ACTION ITEM: Could every line below be transcribed exactly, with the pictures dropped?

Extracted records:

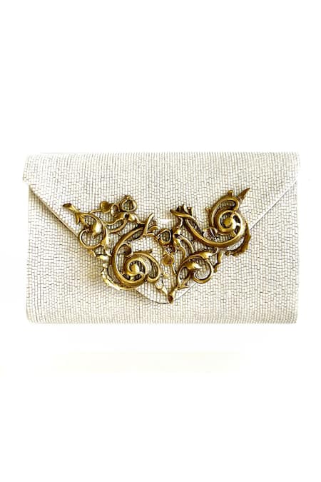 White clutch featuring baroque embellishment on a hand cast solid brass base
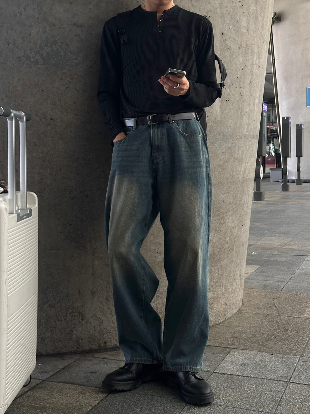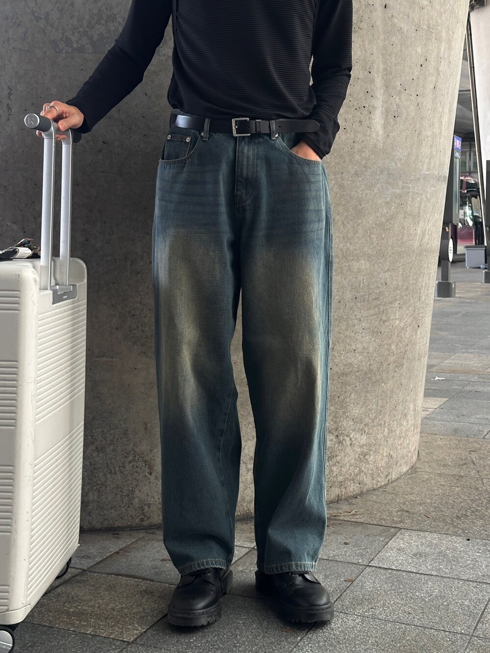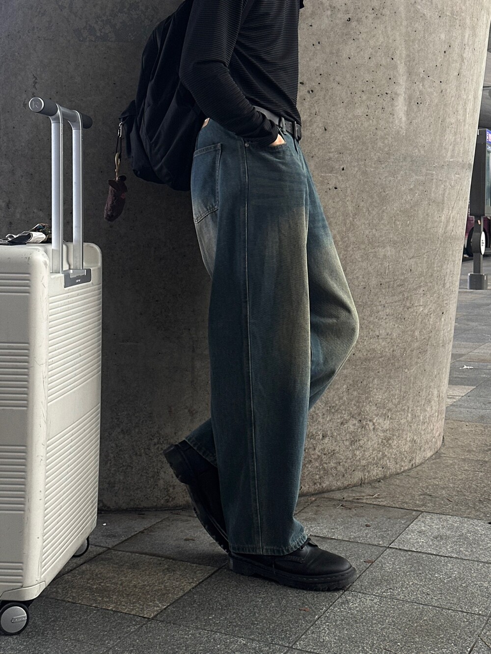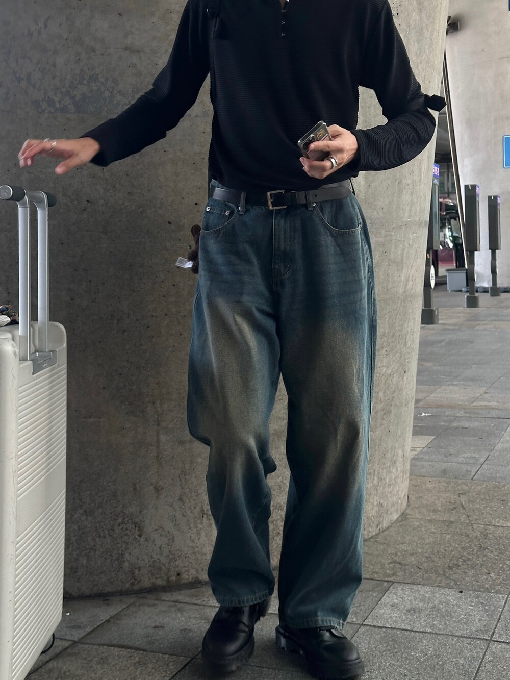 은은한 오일 진청 워싱감에 세미한 벌룬 핏으로 여유로운 느낌으로 착용하기 좋습니다
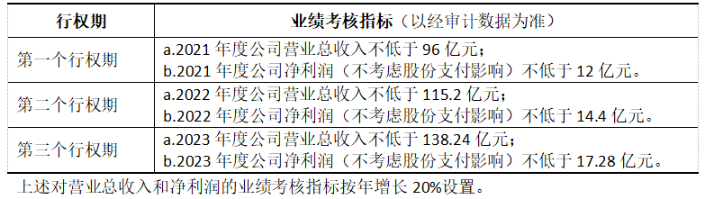 2021年度,公司营业总收入为101.75亿元、净利润为15.91亿元,满足行权条件,第一个行权期于2022年9月完成行权登记,行权数量为1,269.85万股。
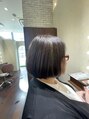 丸みを感じるシルエットで生際ギリギリの長さでカットさせていただいたミニボブスタイルになっています。カラーは白髪染め不使用で白髪を馴染ませる白髪馴染ませカラーをさせて頂いて地毛にちかい髪色にさせていただきました。
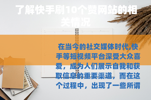 在当今的社交媒体时代,快手等短视频平台深受大众喜爱,成为人们展示自我和获取信息的重要渠道,而在这个过程中,出现了一些所谓的快手刷10个赞网站。
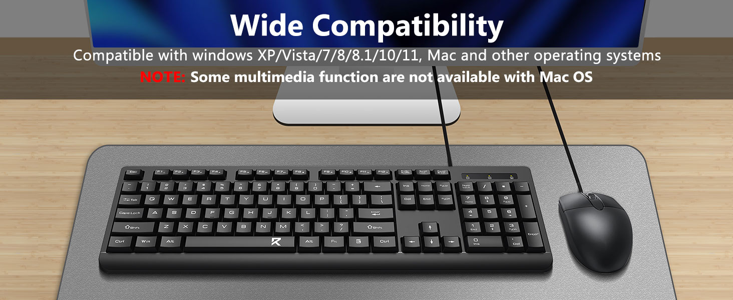 R : Le combo clavier et souris filaire noir BC7543 est compatible avec la plupart des ordinateurs de bureau et portables prenant en charge les périphériques d'entrée USB. Les systèmes d'exploitation tels que Windows, macOS et Linux reconnaissent généralement automatiquement le clavier et la souris une fois connectés.

RESPONSE:
 White clutch featuring baroque embellishment on a hand cast solid brass base
 은은한 오일 진청 워싱감에 세미한 벌룬 핏으로 여유로운 느낌으로 착용하기 좋습니다
 2021年度,公司营业总收入为101.75亿元、净利润为15.91亿元,满足行权条件,第一个行权期于2022年9月完成行权登记,行权数量为1,269.85万股。
 丸みを感じるシルエットで生際ギリギリの長さでカットさせていただいたミニボブスタイルになっています。カラーは白髪染め不使用で白髪を馴染ませる白髪馴染ませカラーをさせて頂いて地毛にちかい髪色にさせていただきました。
 在当今的社交媒体时代,快手等短视频平台深受大众喜爱,成为人们展示自我和获取信息的重要渠道,而在这个过程中,出现了一些所谓的快手刷10个赞网站。
 R : Le combo clavier et souris filaire noir BC7543 est compatible avec la plupart des ordinateurs de bureau et portables prenant en charge les périphériques d'entrée USB. Les systèmes d'exploitation tels que Windows, macOS et Linux reconnaissent généralement automatiquement le clavier et la souris une fois connectés.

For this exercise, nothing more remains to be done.